Maxfield discusses the administration of Elmira, both on the ground and in relationship to superiors in Washington, D.C. He suggests, consistently with the work of some other scholars on Civil War prisons, that conditions in Elmira were in part due to an attempt by the Union to retaliate against the Confederacy for the conditions of the Andersonville prison. While raising this possibility, Maxfield points out that his goal is not to cast blame or provoke argument between one side or the other but rather to educate people about the brutalities of the Civil War and to see that the treatment of POW's in the conflict is not forgotten.
The book describes more than the conditions in the camp. Maxfield shows how tragedy struck early when on July 15, 1864, a train full of prisoners from Maryland crashed into an oncoming coal train near Shohola, Pennsylvania, resulting in many deaths and injuries of the prisoners and their Union guards. The book also describes the daily life of the prisoners at Elmira and the various activities some of the men found to avoid boredom. The book includes many images of the camp, the prisoners, and the administrators which help bring Elmira to life for the reader.
A series of appendices to the book offers additional discussion. They include a driving tour of the prison, a discussion of the former slave who was charged with burying the dead Confederates in the local cemetery, and a treatment of the Shohola train wreck. Additional appendices discuss Mark Twain in Elmira, offer a short comparison of Andersonville and Elmira, discuss attempts by some intrepid prisoners to escape, and, outline the ongoing efforts made by local preservationists to restore and teach about Elmira prison.
This book fulfills the goals of the Emerging Civil War Series to teach the interested reader about an important aspect of the Civil War. Readers will learn not to romanticize the conflict.
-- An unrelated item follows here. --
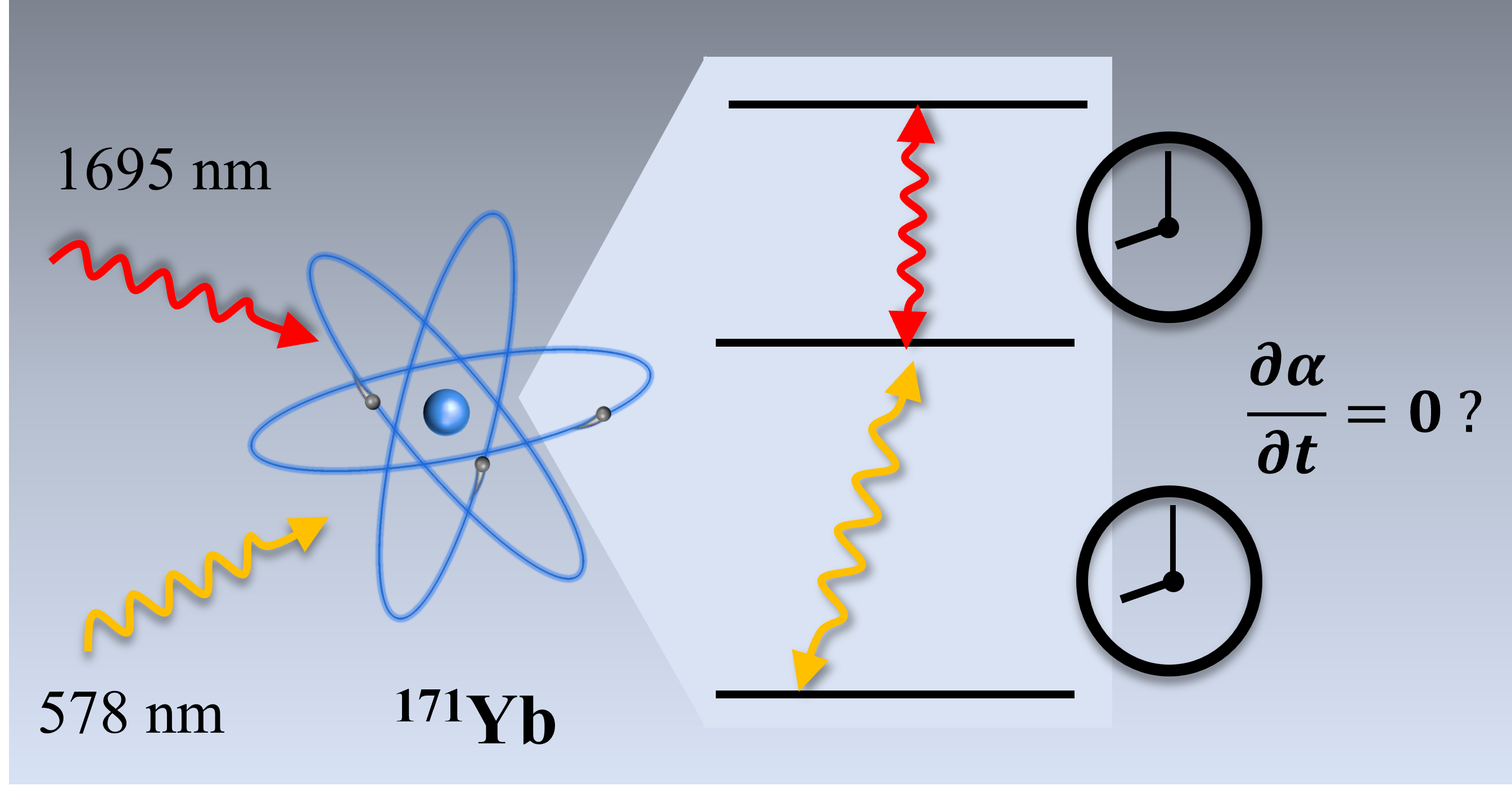 徐信业教授指出,这仅仅是研制内壳层镱原子光钟刚迈出的第一步,后续还有许多难关需去攻克。尽管目前研制的镱原子光钟还有许多不足之处,但他们充满信心,还会继续努力。由于内层电子受到外层电子的隔离,能减弱外场对其扰动,因此,内壳层原子光钟有望在性能指标上超越目前基于外层电子的原子光钟,从而为我国在即将到来的秒定义修改中争得话语权而创造更有利条件。目前这项工作意义还在于将为当前我国开展前沿性基础物理研究提供一种超高精度的测量手段,从而有助于增强我国在前沿性基础物理研究领域的国际竞争力。比如与课题组前期已研究成熟的578nm钟跃迁结合,构建成双钟频镱原子光钟,如图3所示,可以前所未有的测量精度探询精细结构常数是否随时间变化,这将为检验现有物理理论是否正确提供十分重要的依据。

They will see instead the harsh, hard nature of the Civil War and the wretched conditions endured by many of its POWs.
The history of prisoner of war (POW) treatment was abysmal world-wide until years after the War Between the States. Although efforts had begun near the end of the Napoleonic wars, true reform on the treatment of POWs was decades in the future. Nothing substantive had been done by 1861 so when both sides began taking each other’s soldiers as POWs, problems immediately began to emerge. The last major American experience of taking large numbers of prisoners in combat was 80 years prior to the War Between the States and the examples from that war were nothing to emulate.
As the war began both armies fell-back onto the age-old process of exchanging prisoners. The Dix-Hill Cartel concluded an agreement in the summer of 1862 for the exchange of prisoners. A series of different and complex permutations made allowances for the exchange of different ranks and it actually worked for a few months until the Emancipation Proclamation. The Confederates objected to the exchange of black POWs as many were still considered escaped, or freed, property. After this, the system started and stopped largely based on locations and commanders. The end result is that many POWs on both sides were stuck interminably in POW camps until they could be exchanged----or freed. GEN Grant stopped the exchanges in 1864 which was a death sentence to many POWs on both sides.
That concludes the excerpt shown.